There are other ways of dealing with this - for example we could create paste buffer locs. Then we could keep the same logic. The problem is that implementing the paste buffer as locs is somewhat more complicated, because it implies

Having a SourceFile that can contain multiple pastes
- Ideally we don't want to allocate a File for every paste!
Making sure the SourceFile is large enough
- If a very large paste is produced, we might want to allocate a SourceFile for all of that
Ideally we'd have data/logic where it was possible to determine how the paste was produced
- If we did we could output a nice diagnostic showing a tokens origin

On the other hand doing it via lexemeIndex, is trivial as the LexemeMap manages storage. It additionally dedups storage. We don't need to create paste SourceFiles and manage them. The disadvantage is there is no way to track how a pasted token was produced.

Token Storage

In the SourceFile we allow token streams to be stored in lots of different ways - in particular we allow Token compression. The idea here was to store with source token streams so it wasn't necessary to retokenize when a file is reused. This is taken further because for files that might contain c preprocessor constructs the token stream is broken down into preprocessor AST with streams of tokens. This makes performing preprocessor expansion simpler and also probably considerably faster.

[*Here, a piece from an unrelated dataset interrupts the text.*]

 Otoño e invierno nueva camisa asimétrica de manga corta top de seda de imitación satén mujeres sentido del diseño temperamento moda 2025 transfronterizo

Part of the idea of storing compressed TokenStreams was to reduce memory storage. Part of that idea was to improve performance because being a smaller representation would improve cache usage. It's not clear that any of this makes a significant performance difference in practice though. The mechanisms for TokenStream allow for switching out implementations, so I did some very simple tests around that and didn't see much of a bump.

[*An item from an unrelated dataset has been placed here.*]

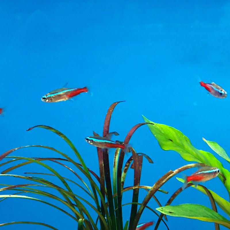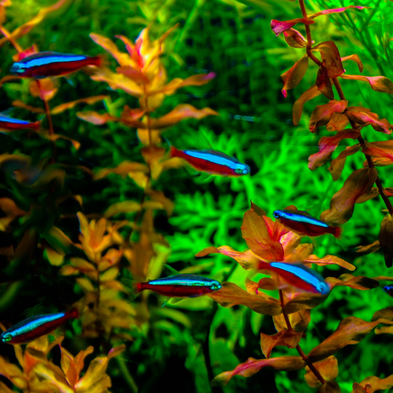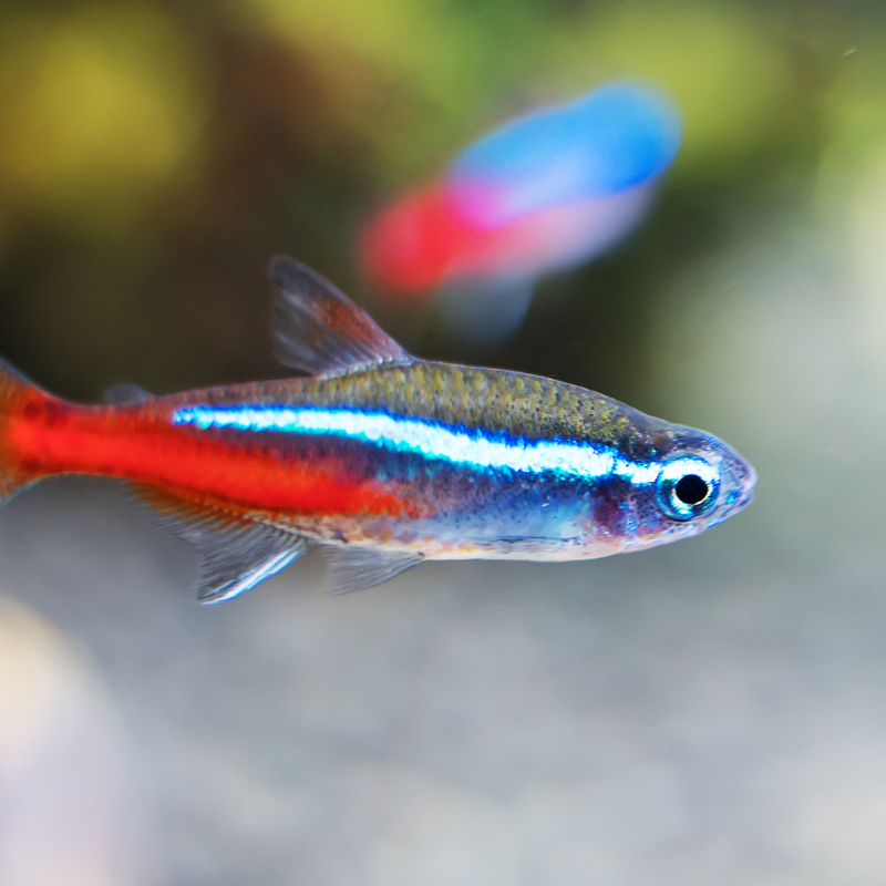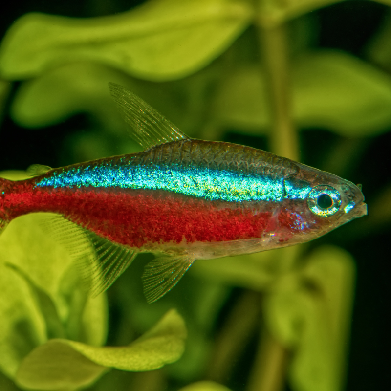 Neon Tetra Fish (Paracheirodon innesi) – Iconic freshwater favorite with glowing blue and red stripes. Peaceful, active, and perfect for any community aquarium.

If we can keep a Token to 12 bytes it might be reasonable to leave uncompressed at least for now.

Compressed Stream

You could imagine something like

struct CompressedToken
{
    U8 control;
    Type type;
    // Followed by bytes determined by control
};

A Cursor would need to store

Index to current position in the byte stream
Current SourceLoc - holds position to start for current lexeme
Previous LexemeIndex - applying the delta takes u

Another way to store this would be for white space delta is stored in the current Token to take you from the end of the previous lexemes SourceLoc to the current. In that case it would be

Index to current position in the byte stream
Previous SourceLoc to end of last lexeme
Previous LexemeIndex - applying the delta takes u

Therefore a compressed token needs to store

Type
Either a (potentially small) whitespace delta SourceLoc or a full delta
Either a length or lexemeDelta

struct Control
{
    U4 whiteSpaceDelta;             ///< Only needed if `isLargeWhitespaceDelta` is false
    U2 lengthLexemeByteCount;       ///< How many bytes store the lexemeIndex delta or the length   
    Bool isLexemeIndex;             ///< If set has a lexeme index following, else it's a length
    Bool isLargeWhitespaceDelta;    ///
};

We could do a switch on the bottom two bits, for 4 basic scenarios.

Alternatively perhaps we could store short lexeme lengths in Control, at the cost of size of whiteSpace delta. So something like

struct Control
{
    U2 lexemeLength;                ///< Set if the lexeme length is small (and it's not a lexemeIndex maybe?)
    U2 whiteSpaceDelta;             ///< Only needed if `isLargeWhitespaceDelta` is false
    U2 lengthLexemeByteCount;       ///< How many bytes store the lexemeIndex delta or the length   
    Bool isLexemeIndex;             ///< If set has a lexeme index following, else it's a length
    Bool isLargeWhitespaceDelta;    ///
};

Yet another alternative would be to store an enum for the common cases, that we can switch on common scenarios and others are encoded with less in Control.

Another thought might be to just use some standard compression mechanism such as lz4, and store the stream compressed. Then expand when needed. The advantage would be greater compression, and not requiring a clever mechanism to stream. Doing so could mean that the TokenStream doesn't have to be an abstraction, but is literally a stream of Tokens.

For initial implementation just making it non compressed using streaming mechanism that is already there is probably reasonable.